What needs to be done.
Could you reproduce, word for word, everything below from the line containing "Tegarnews.co.id-Nagan Raya, 27" down to the line containing "2-1. 일정툴팁에서 일정삭제하기", with both of those lines included and no others?

Source data.
Segment Open

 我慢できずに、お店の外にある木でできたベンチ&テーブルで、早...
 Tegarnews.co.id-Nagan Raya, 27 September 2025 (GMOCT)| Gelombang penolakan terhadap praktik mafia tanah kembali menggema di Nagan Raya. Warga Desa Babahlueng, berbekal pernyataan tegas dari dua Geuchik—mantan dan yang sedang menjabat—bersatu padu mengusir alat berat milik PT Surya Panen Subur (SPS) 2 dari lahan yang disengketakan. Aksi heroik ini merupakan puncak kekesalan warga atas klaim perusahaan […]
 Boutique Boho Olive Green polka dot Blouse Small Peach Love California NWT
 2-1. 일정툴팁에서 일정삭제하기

Segment Closed
Segment Open

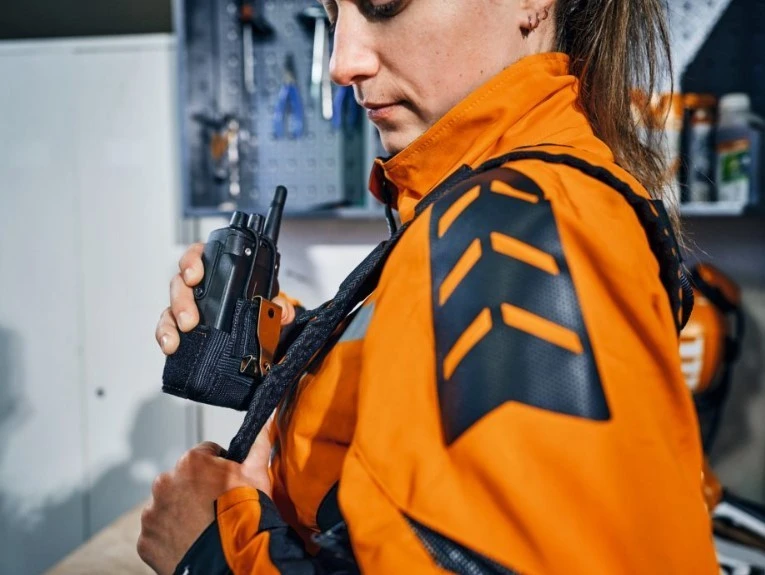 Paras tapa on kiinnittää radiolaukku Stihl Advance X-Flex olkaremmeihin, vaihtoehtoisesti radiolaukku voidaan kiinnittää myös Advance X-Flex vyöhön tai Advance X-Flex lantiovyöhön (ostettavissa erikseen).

Segment Closed
Segment Open

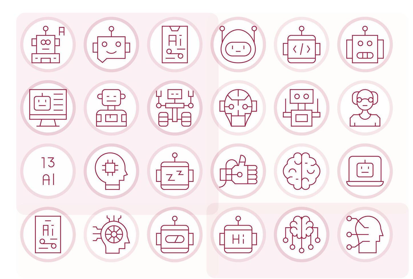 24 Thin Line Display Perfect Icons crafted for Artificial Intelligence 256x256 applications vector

Segment Closed

Worked solution.
 Tegarnews.co.id-Nagan Raya, 27 September 2025 (GMOCT)| Gelombang penolakan terhadap praktik mafia tanah kembali menggema di Nagan Raya. Warga Desa Babahlueng, berbekal pernyataan tegas dari dua Geuchik—mantan dan yang sedang menjabat—bersatu padu mengusir alat berat milik PT Surya Panen Subur (SPS) 2 dari lahan yang disengketakan. Aksi heroik ini merupakan puncak kekesalan warga atas klaim perusahaan […]
 Boutique Boho Olive Green polka dot Blouse Small Peach Love California NWT
 2-1. 일정툴팁에서 일정삭제하기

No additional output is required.